SPS(Sequence Parameter Sets): a set of sequence parameters, which acts on a series of consecutive encoded images.
PPS(Picture Parameter Set): set of image parameters, which acts on one or more independent images in the encoded video sequence.
SEI (supplementary enhancement information): additional enhancement information, including video picture timing and other information, is generally placed before the main coding image data.

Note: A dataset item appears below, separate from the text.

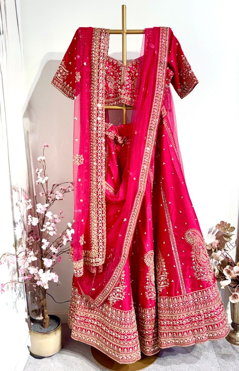 Bright Hot Pink Raw silk  Wedding Lehenga Bright Hot Pink Raw silk  Wedding Lehenga Bright Hot Pink Raw silk  Wedding Lehenga Bright Hot Pink Raw silk  Wedding Lehenga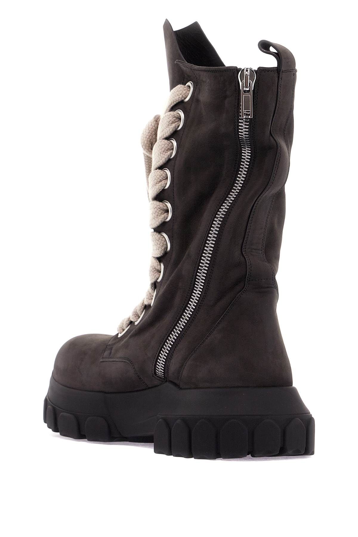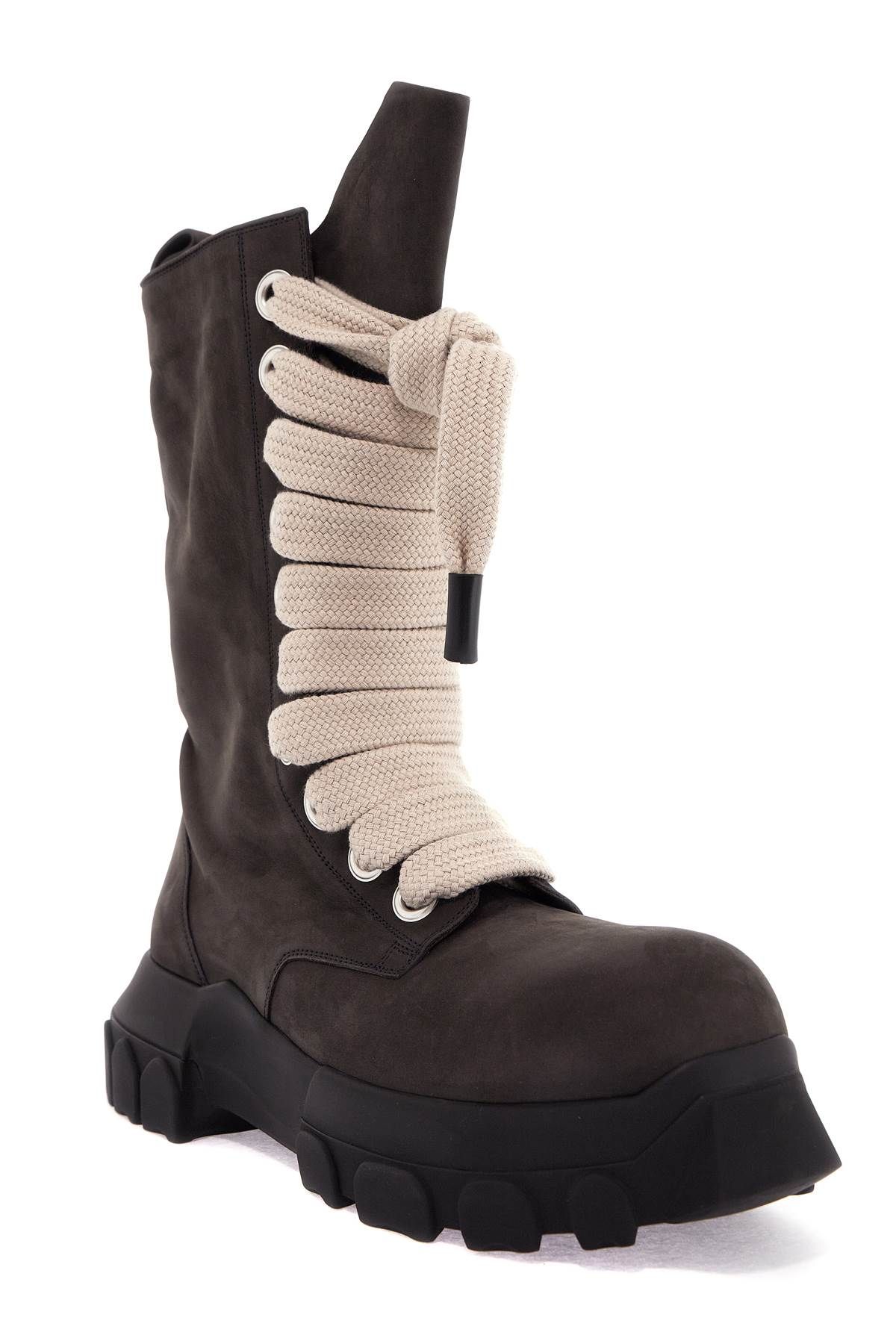 The Jumbolace Army boots by Rick Owens are made of nubuck leather and feature oversized laces and tongue

In some applications, it can be omitted.
IDR (instant decoding refresh): instant decoding refresh.
HRD(Hypothetical Reference Decoder): hypothetical stream scheduler.

1. Code

Or learn the thunderobot code, I wrote a further detailed note.

extern "C"
{
#ifdef __cplusplus
#define __STDC_CONSTANT_MACROS

#endif

}
extern "C" {

#include <stdio.h>
#include <stdlib.h>
#include <string.h>
#include <math.h>
}







typedef enum {
	NALU_TYPE_SLICE = 1,
	NALU_TYPE_DPA = 2,
	NALU_TYPE_DPB = 3,
	NALU_TYPE_DPC = 4,
	NALU_TYPE_IDR = 5,
	NALU_TYPE_SEI = 6,
	NALU_TYPE_SPS = 7,
	NALU_TYPE_PPS = 8,
	NALU_TYPE_AUD = 9,
	NALU_TYPE_EOSEQ = 10,
	NALU_TYPE_EOSTREAM = 11,
	NALU_TYPE_FILL = 12,
} NaluType;

typedef enum {
	NALU_PRIORITY_DISPOSABLE = 0,
	NALU_PRIRITY_LOW = 1,
	NALU_PRIORITY_HIGH = 2,
	NALU_PRIORITY_HIGHEST = 3
} NaluPriority;


typedef struct
{
	int startcodeprefix_len;      
	//! 4 for parameter sets and first slice in picture, 3 for everything else (suggested)
//In H264 bitstream, the start code is "0x00 0x00 0x01" or "0x00 0x00 0x01"
//startcodeprefix_len can be three bytes or four bytes

	unsigned len;         
	//! Length of the NAL unit (Excluding the start code, which does not belong to the NALU)
	unsigned max_size;            //! Nal Unit Buffer size
	int forbidden_bit;            //! should be always FALSE
//Forbidden bit_ Bit, initially 0, can be set to 1 when the network finds that there is a bit error in the NAL unit,
//So that the receiver can correct or discard the modification unit
	int nal_reference_idc;        //! NALU_PRIORITY_xxxx
//nal_reference_idc, this is an indication of the importance of the nal unit. The higher the value, the more important it is,
//When the decoder fails to decode, it can lose the NALU with the importance of 0.
	int nal_unit_type;            //! NALU_TYPE_xxxx    
	char* buf;                    //! contains the first byte followed by the EBSP
} NALU_t;

//h264bitstream is a global file pointer
FILE* h264bitstream = NULL;                //!< the bit stream file

int info2 = 0, info3 = 0;


//In H264 bitstream, the start code is "0x00 0x00 0x01" or "0x00 0x00 0x01"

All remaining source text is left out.